The number of fibromyalgia patients has recently been increasing in Japan. We currently studied numerous patients with early to severe neuropathic pain on not only 'specific sites' according to American College of Rheumatology ACR-90 criteria, but also widespread severe pain such as hyperpathia or allodynia.

Symptoms in these patients are sometimes accompanied with extra-muscular symptoms such as irritable colon, interstitial cystitis, severe dry eye and mouth, and various psychogenic symptoms. Twenty-seven patients with severe and systemic complications were misdiagnosed with other psychogenic disorders. We classified patients with fibromyalgia in five categories according to disease progression.

Patients and method

A total 153 patients with fibromyalgia who visited our rheumatology or psychiatry clinics in the past 2 years were assessed; 132 (86.5%) female patients and 21 (13.5%) male patients. The mean age was 52.3 ± 15.0 years for females, 50.4 ± 18.6 years for males. These patients were classified into five stages according to clinical symptoms (Table 1).
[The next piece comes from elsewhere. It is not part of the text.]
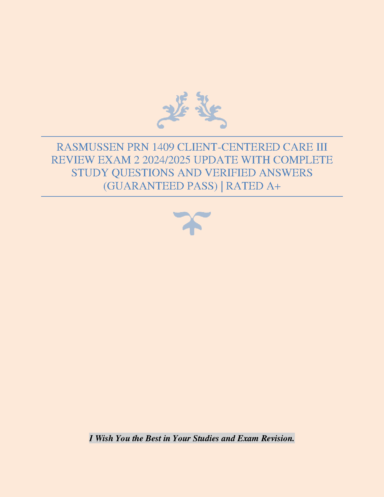 Rasmussen PRN 1409 Client-Centered Care III Review Exam 2 2024/2025 Update: Guaranteed A+ Prep for First-Time Exam Success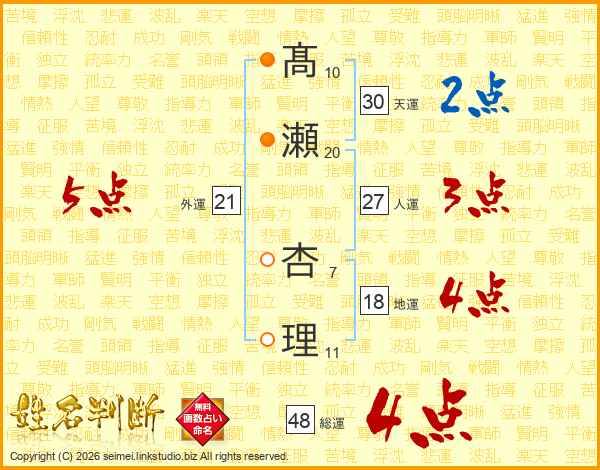髙(10画)瀬(20画) 杏(7画)理(11画)

Table 1 Classification of fibromyalgia according to disease progression frequency in 153 cases

Results and discussion

As shown in Table 1, 64 patients fulfilled the ACR-90 criteria. Patients classified in stages II-IV had painful symptoms that spread through the whole body and were extremely severe. Eight of 153 patients had extramuscular systemic symptoms. The results of the SPECT study revealed that 80% of the 40 patients clearly identified a low level in regional blood flow. Twenty-seven cases of the patients were misdiagnosed with psychogenic or neurological disorders for a long time. Based on such clinical diversity, it is essential to classify fibromyalgia according to disease progression.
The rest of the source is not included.